*** Recorded information ***

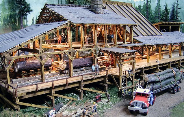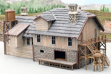 Well that’s it folks, how to make a true wood looking structure. I can tell you that the end results justify all the work involved. I can honestly say that I enjoy the challenge of scratchbuilding, whether it be from building a structure from a photograph or one I have made up and drawn up on the computer, whatever the case, It’s great fun, here's a few photo's of some of my scratchbuilt structures, all made exactly like the structure above. The only structure not done that way was the sawmill below, that was made using 1/4" timber for the main frame.
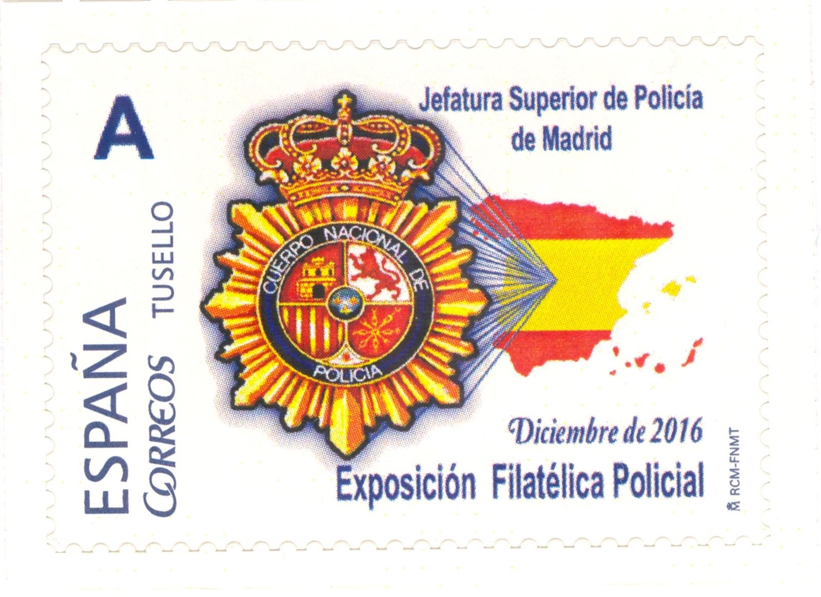 Con ocasión de la celebración, en Madrid, del 22 de diciembre del año 2016 al 5 de enero del año 2017 de la Exposición Filatélica Policial, la Jefatura Superior de Policía de Madrid, emitió dos sellos personalizados.
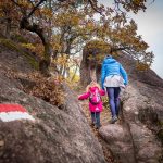 Reingeschlüpft in die festen Bergschuhe und auf nach Gmund. Von Gmund führt uns der Wanderweg Nr. 13 zuerst einige Stufen und dann ordentlich steigend, durch den meist mit Eichen durchzogenen Laubwald empor. Teilweise muss ich Anna über Knie hohe Stufen hinaufziehen. Sie hält sich trotz der Anstrengung recht wacker.
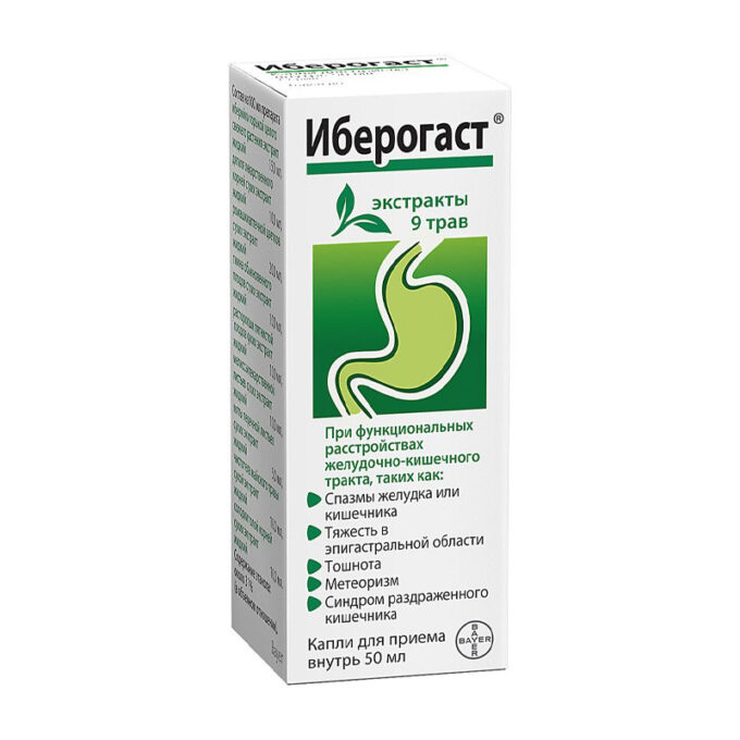 Прозрачная или слегка мутноватая жидкость, темно-коричневого цвета, с характерным запахом и горьковатым вкусом. При хранении возможно выпадение осадка. | Состав+100 мл препарата содержатэкстракт свежих целых растений иберийки горькой 15,0 мл(1: 1.5 — 2.5) *экстракт корней дягиля (1: 2.5 — 3.5)** 10.0 млэкстракт листьев мелиссы (1: 2.5 — 3.5)** 10.0 млэкстракт плодов тмина (1: 2.5 — 3.5)** 10.0 млэкстракт травы чистотела (1: 2.5 — 3.5)** 10.0 млэкстракт корня солодки (1: 2.5 — 3.5)** 10.0 млэкстракт цветков ромашки (1: 2 — 4)** 20.0 млэкстракт листьев мяты перечной (1: 2.5 — 3.5)** 5.0 млэкстракт плодов расторопши (1: 2.5 — 3.5)** 10.0 мл* — экстрагент спирт этиловый 50 %** — экстрагент спирт этиловый 30 %Примечание: Содержание спирта этилового около 31 %. | Противопоказания+- повышенная чувствительность к компонентам препарата- детский возраст до 3 лет | Побочные действия+Очень редко- реакции гиперчувствительности, например кожная сыпь, кожный зуд, одышкаВ случае появления любого из перечисленных побочных действий необходимо прекратить прием препарата и как можно скорее обратиться к врачу | Способ применения+Иберогаст® принимают 3 раза в день до или во время еды с небольшим количеством жидкости:взрослые и подростки по 20 капель,детям от 6 до 12 лет по 15 капель,детям от 3 до 6 лет по 10 капельПродолжительность применения зависит от вида, тяжести и течения болезни.Перед применением взболтать! | Показания к применению+- функциональные нарушения желудочно-кишечного тракта, (например: спастические боли в желудочно-кишечном тракте, чувство переполнения, метеоризм, запоры, диарея или их чередование, тошнота, изжога)- при синдроме раздраженного кишечника- при гастрите, язвенной болезни желудка и двенадцатиперстной кишки(в составе комплексной терапии) | Объем:
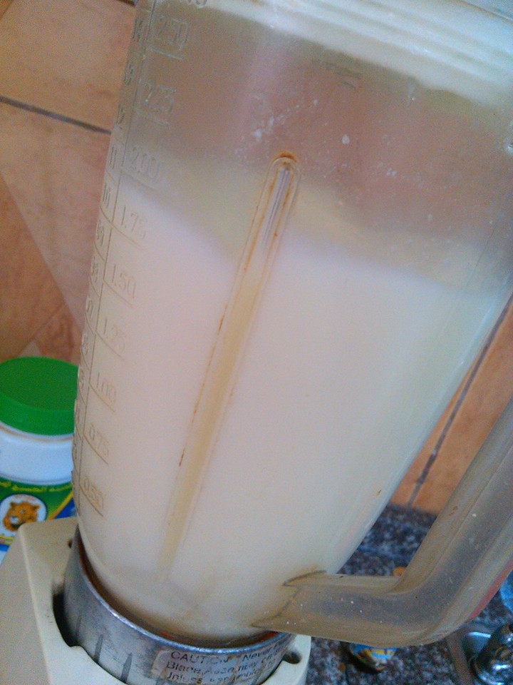 بعدين بنسكب الحليب الساخن وبنحرك
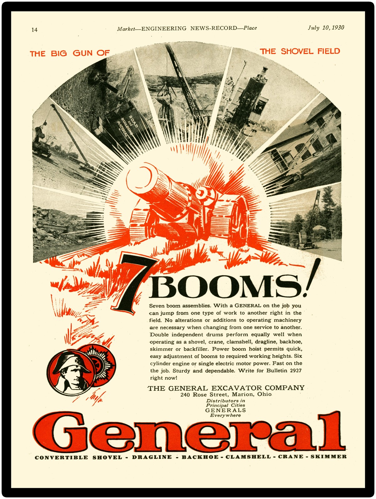 Collectible 1930 General Excavator Company Vintage Look New Metal Sign: Marion, Ohio Big Gun
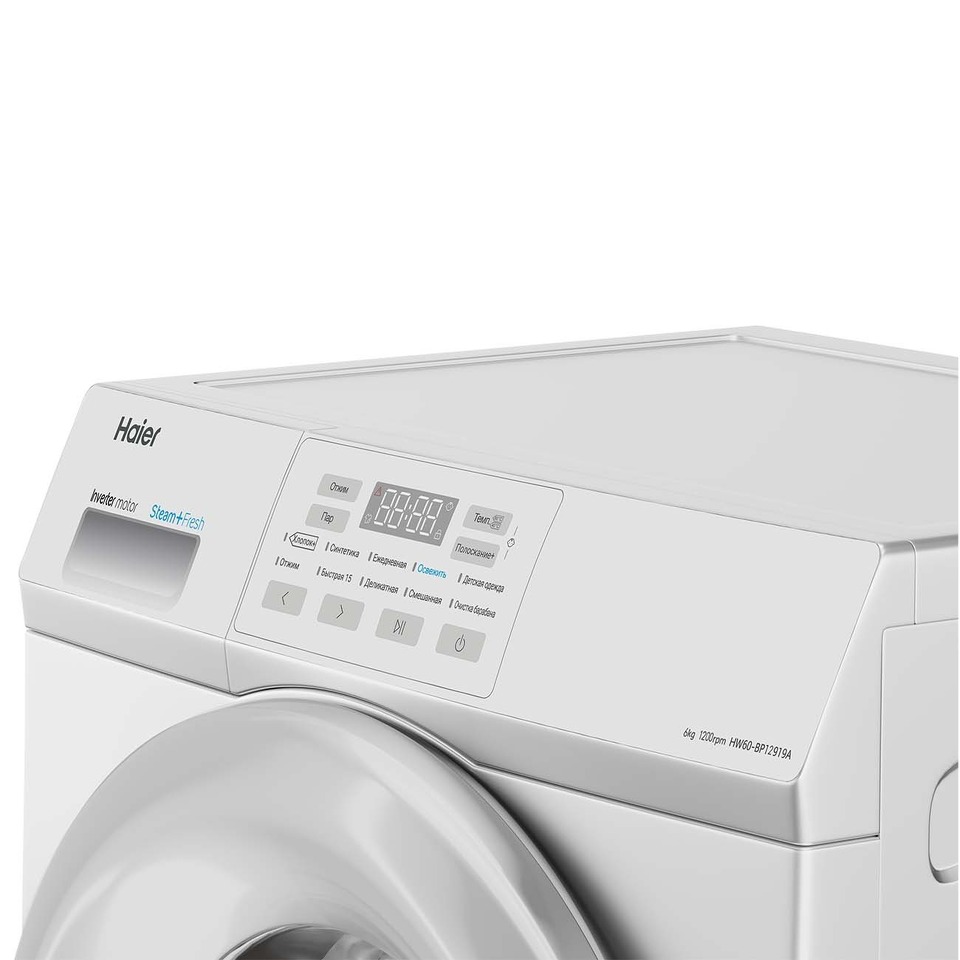 Стиральная машина Haier HW60-BP12919A в белом корпусе оснащена инверторным двигателем. Функция автовзвешивания позволяет точно рассчитать необходимый расход воды и исключить лишнее потребление. Барабан рассчитан на 6 кг белья.
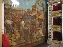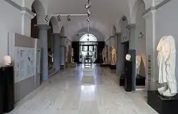 Under the church of SS. Pietro e Paolo and the adjoining houses are extensive substructures (in opus reticulatum and brickwork) of the 1st century CE, belonging to a building erected by M. Vectius Marcellus (probably mentioned by Pliny, H.N., II., 199) and Helvidia Priscilla. There are also remains of large reservoirs and of an ancient theatre. New excavations are under way on the site of the former Campo Sportivo.
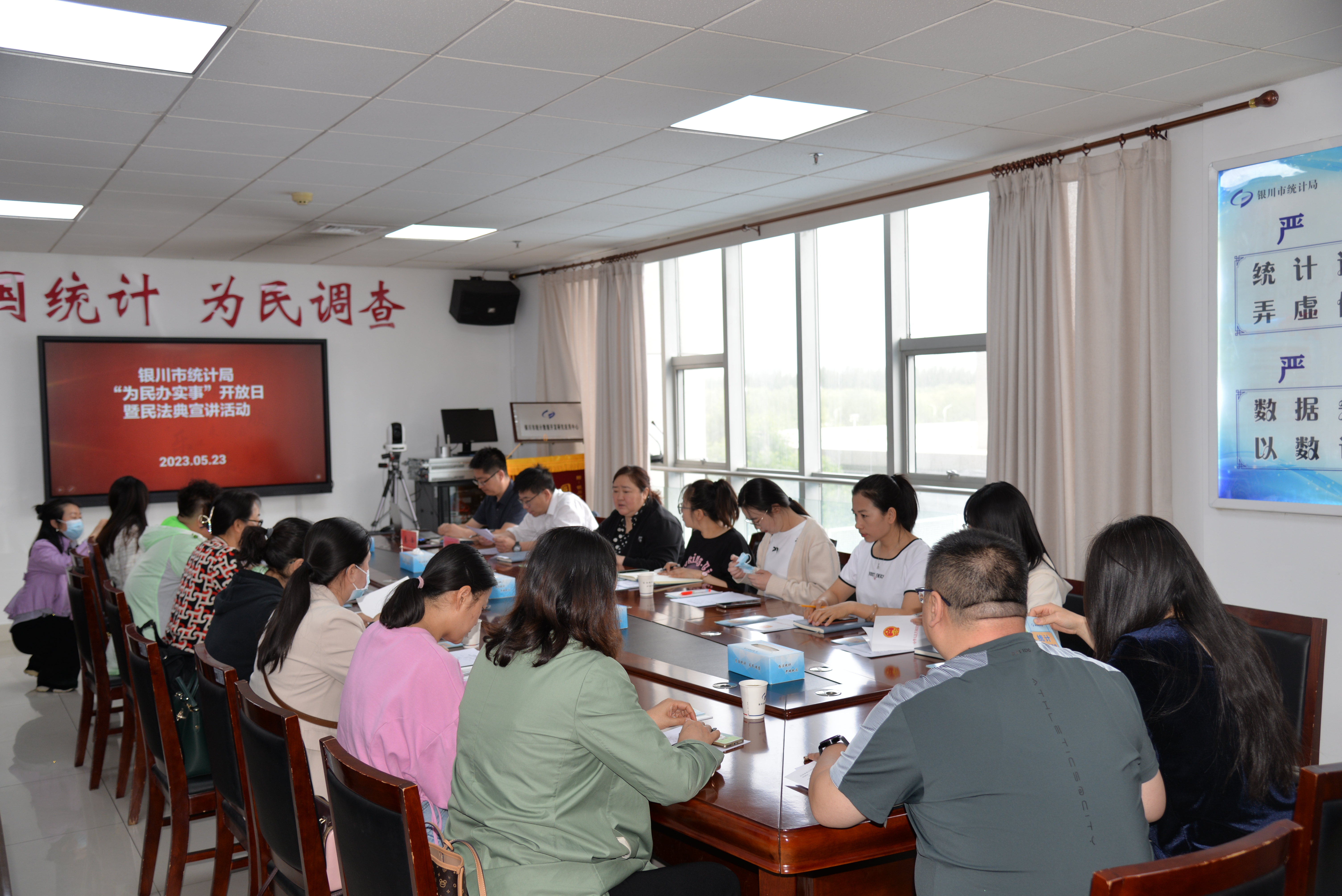 为深入学习贯彻党的二十大精神,进一步贯彻以人民为中心的发展思想,增强群众对政府公信力、执行力的认可度,切实保障人民群众的知情权、参与权与监督权,5月23日,银川市统计局组织开展了“为民办实事”开放日暨民法典宣讲活动,邀请基层统计局、企事业单位统计工作人员等代表20人参加。

*** End of Recorded information ***

Wherever a picture appears in the material above, skip it and copy the rest without change.

▶ [Response to the exercise]
 Well that’s it folks, how to make a true wood looking structure. I can tell you that the end results justify all the work involved. I can honestly say that I enjoy the challenge of scratchbuilding, whether it be from building a structure from a photograph or one I have made up and drawn up on the computer, whatever the case, It’s great fun, here's a few photo's of some of my scratchbuilt structures, all made exactly like the structure above. The only structure not done that way was the sawmill below, that was made using 1/4" timber for the main frame.
 Con ocasión de la celebración, en Madrid, del 22 de diciembre del año 2016 al 5 de enero del año 2017 de la Exposición Filatélica Policial, la Jefatura Superior de Policía de Madrid, emitió dos sellos personalizados.
 Reingeschlüpft in die festen Bergschuhe und auf nach Gmund. Von Gmund führt uns der Wanderweg Nr. 13 zuerst einige Stufen und dann ordentlich steigend, durch den meist mit Eichen durchzogenen Laubwald empor. Teilweise muss ich Anna über Knie hohe Stufen hinaufziehen. Sie hält sich trotz der Anstrengung recht wacker.
 Прозрачная или слегка мутноватая жидкость, темно-коричневого цвета, с характерным запахом и горьковатым вкусом. При хранении возможно выпадение осадка. | Состав+100 мл препарата содержатэкстракт свежих целых растений иберийки горькой 15,0 мл(1: 1.5 — 2.5) *экстракт корней дягиля (1: 2.5 — 3.5)** 10.0 млэкстракт листьев мелиссы (1: 2.5 — 3.5)** 10.0 млэкстракт плодов тмина (1: 2.5 — 3.5)** 10.0 млэкстракт травы чистотела (1: 2.5 — 3.5)** 10.0 млэкстракт корня солодки (1: 2.5 — 3.5)** 10.0 млэкстракт цветков ромашки (1: 2 — 4)** 20.0 млэкстракт листьев мяты перечной (1: 2.5 — 3.5)** 5.0 млэкстракт плодов расторопши (1: 2.5 — 3.5)** 10.0 мл* — экстрагент спирт этиловый 50 %** — экстрагент спирт этиловый 30 %Примечание: Содержание спирта этилового около 31 %. | Противопоказания+- повышенная чувствительность к компонентам препарата- детский возраст до 3 лет | Побочные действия+Очень редко- реакции гиперчувствительности, например кожная сыпь, кожный зуд, одышкаВ случае появления любого из перечисленных побочных действий необходимо прекратить прием препарата и как можно скорее обратиться к врачу | Способ применения+Иберогаст® принимают 3 раза в день до или во время еды с небольшим количеством жидкости:взрослые и подростки по 20 капель,детям от 6 до 12 лет по 15 капель,детям от 3 до 6 лет по 10 капельПродолжительность применения зависит от вида, тяжести и течения болезни.Перед применением взболтать! | Показания к применению+- функциональные нарушения желудочно-кишечного тракта, (например: спастические боли в желудочно-кишечном тракте, чувство переполнения, метеоризм, запоры, диарея или их чередование, тошнота, изжога)- при синдроме раздраженного кишечника- при гастрите, язвенной болезни желудка и двенадцатиперстной кишки(в составе комплексной терапии) | Объем:
 بعدين بنسكب الحليب الساخن وبنحرك
 Collectible 1930 General Excavator Company Vintage Look New Metal Sign: Marion, Ohio Big Gun
 Стиральная машина Haier HW60-BP12919A в белом корпусе оснащена инверторным двигателем. Функция автовзвешивания позволяет точно рассчитать необходимый расход воды и исключить лишнее потребление. Барабан рассчитан на 6 кг белья.
 Under the church of SS. Pietro e Paolo and the adjoining houses are extensive substructures (in opus reticulatum and brickwork) of the 1st century CE, belonging to a building erected by M. Vectius Marcellus (probably mentioned by Pliny, H.N., II., 199) and Helvidia Priscilla. There are also remains of large reservoirs and of an ancient theatre. New excavations are under way on the site of the former Campo Sportivo.
 为深入学习贯彻党的二十大精神,进一步贯彻以人民为中心的发展思想,增强群众对政府公信力、执行力的认可度,切实保障人民群众的知情权、参与权与监督权,5月23日,银川市统计局组织开展了“为民办实事”开放日暨民法典宣讲活动,邀请基层统计局、企事业单位统计工作人员等代表20人参加。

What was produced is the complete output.